There was already news on Habr about this significant event. Indeed, it resembles a retelling of the official Microsoft press release, but that's how the 'news' should be.
My Early Attempts
For some reason that even I don't understand, I started trying to use Python inside Excel a few weeks ago. Unsuccessfully. Despite all my efforts, it didn't work: initially, I connected to Microsoft 365 Insider, Beta Channel and didn't observe the option there. Then I downloaded an add-in from Excel Labs, the Microsoft Garage project. The feature, although it started, did not work for me, constantly returning errors.
The Big Update
And then, on 12.10.2023, I received an email with good news: after updating Office, there is now a "Python in Excel" option in the Formulas menu. Entering "=PY(" in the command line converts the current cell into something resembling a Jupyter Notebook cell.
Important Reminder: To access and use the "Python in Excel" feature, you need to be part of the "Microsoft 365 Insider, Beta Channel."
How Does It Work?
The code is executed on Microsoft servers. All you need to do on your local computer is start Excel and enter the familiar magical combination "=PY(". Then you can enter the code. Of course, copy-paste works. The syntax is Python, with a slight specificity if you need to access data. The 'Ctrl+Enter' command ignites the code.
The Big Question: Why?
Why do we need Python inside Excel at all? This is the main question, a huge “Why?” Are there any advantages over using the two products independently and exchanging data between them when necessary? Possibly there are, but with a big question mark. And despite all my heavy pondering, I can't find an answer, although I'm trying very hard.
Potential Advantages
- You can avoid installing Python altogether.

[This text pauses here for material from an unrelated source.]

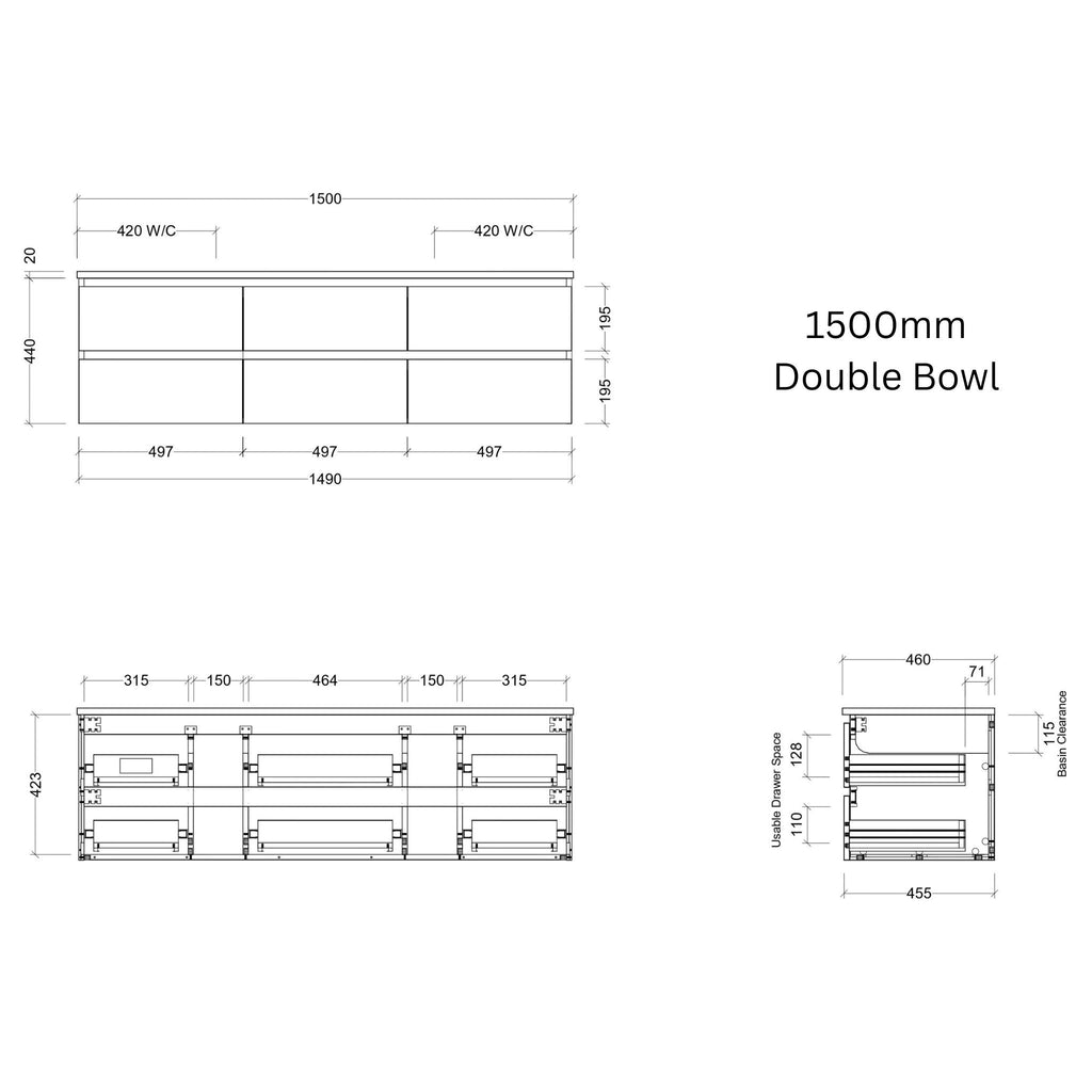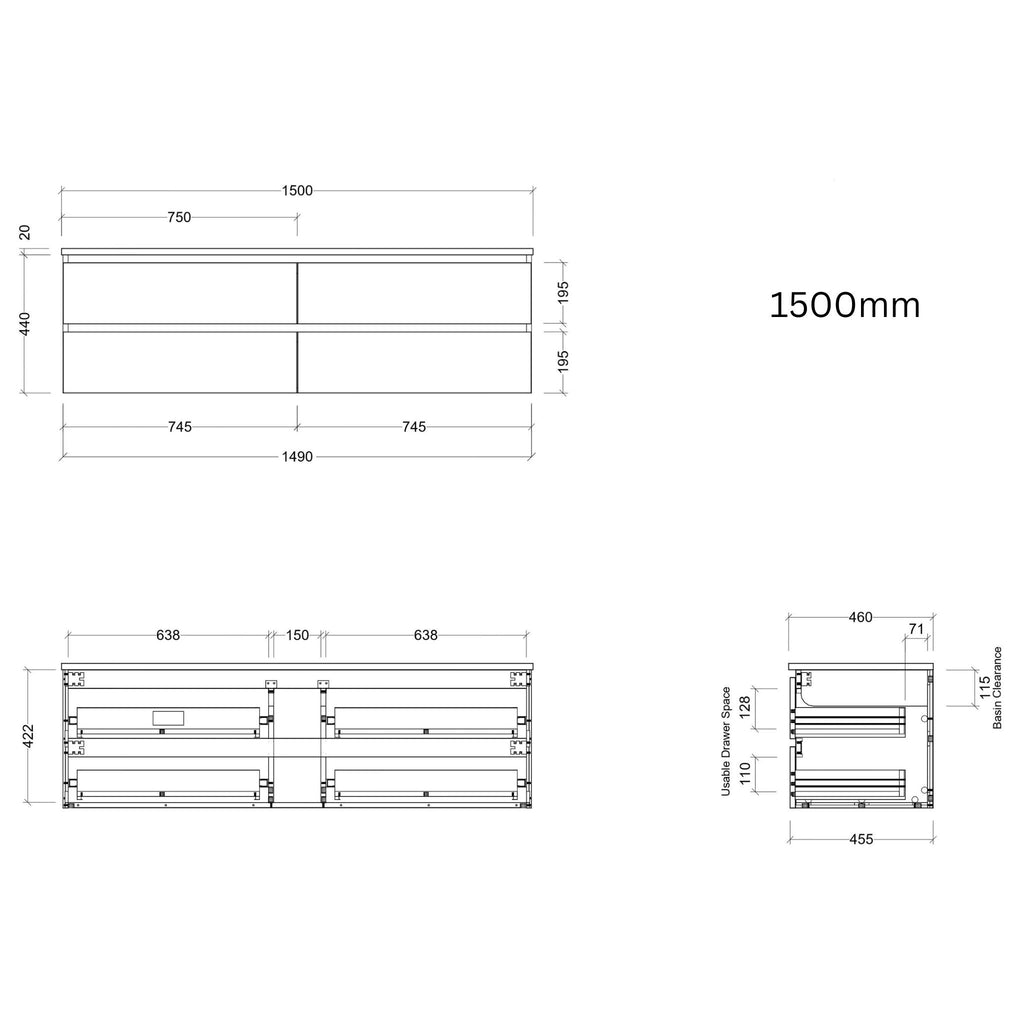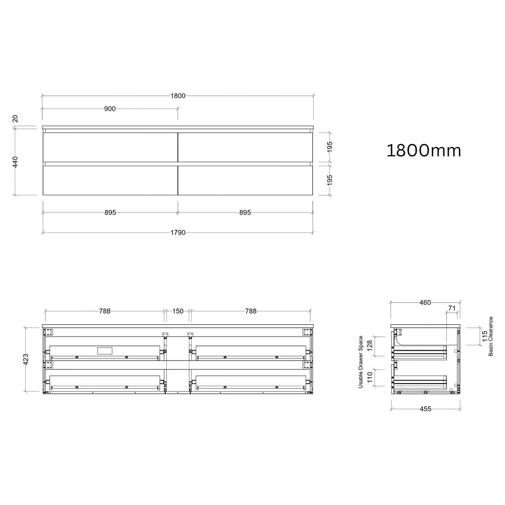 TIMBERLINE ASHTON CUSTOM WALL HUNG VANITY (ALL SIZING)

- For simple tasks that are more efficiently solved by code than by built-in Excel tools, you don't need to multiply entities: both code and data can live inside one file.
- Another reason to utilize this feature is as a substitute for Microsoft Excel macros, especially if you're well-acquainted with Python but not with macros. Thanks to @alexandershelupinin who pointed this out.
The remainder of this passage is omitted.